Adds an avatar upload field to user profiles if the current user has media permissions. Generates requested sizes on demand just like Gravatar!
Adds an avatar upload field to user profiles if the current user has media permissions. Generates requested sizes on demand just like Gravatar! Simple and lightweight.
Just edit a user profile, and scroll down to the new “Avatar” field. The plug-in will take care of cropping and sizing!
- Stores avatars in the “uploads” folder where all of your other media is kept.

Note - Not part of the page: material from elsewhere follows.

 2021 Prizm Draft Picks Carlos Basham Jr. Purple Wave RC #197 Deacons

- Has a simple, native interface.
- Fully supports Gravatar and default avatars if no local avatar is set for the user – but also allows you turn off Gravatar.
- Generates the requested avatar size on demand (and stores the new size for efficiency), so it looks great, just like Gravatar!

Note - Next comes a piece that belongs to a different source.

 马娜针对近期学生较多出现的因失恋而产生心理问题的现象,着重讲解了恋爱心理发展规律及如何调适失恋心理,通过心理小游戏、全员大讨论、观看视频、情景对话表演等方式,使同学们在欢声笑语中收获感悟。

- Lets you decide whether lower privilege users (subscribers, contributors) can upload their own avatar.
- Enables rating of local avatars, just like Gravatar.
Screenshots
Avatar upload field on a user profile page
FAQ
Does Simple Local Avatars collect personal data of website visitors?

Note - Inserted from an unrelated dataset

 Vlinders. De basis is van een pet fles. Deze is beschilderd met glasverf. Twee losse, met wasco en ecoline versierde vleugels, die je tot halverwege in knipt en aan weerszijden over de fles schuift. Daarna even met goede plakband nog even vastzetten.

No. Simple Local Avatars neither collects, stores, nor sends any PII data of visitors or avatar users on the host site or to 10up or other services.
ChangeLog
2.8.3 – 2024-11-18
- Changed: Only allow images that were uploaded by the same user be used when setting the avatar via a REST request (props @dkotter, @justus12337, @faisal-alvi via #317).
- Fixed: Only allow image files to be set as the avatar in REST requests (props @dkotter, @justus12337, @faisal-alvi via #317).
- Security: Bump
@10up/cypress-wp-utils
from 0.2.0 to 0.4.0, @sentry/node
from 6.19.7 to 8.38.0, @wordpress/env
from 9.2.0 to 10.11.0, cypress
from 13.2.0 to 13.15.2, cypress-mochawesome-reporter
from 3.6.0 to 3.8.2, puppeteer-core
from 23.3.0 to 23.8.0 (props @dkotter via #319).
2.8.2 – 2024-11-12
- Fixed: Ensure dependencies are (actually) included properly in the release (props @dkotter via #316).
2.8.1 – 2024-11-12
- Fixed: Ensure dependencies are included properly in the release (props @dkotter via #315).
2.8.0 – 2024-11-12
Note that this release bumps the minimum required version of WordPress from 6.4 to 6.5.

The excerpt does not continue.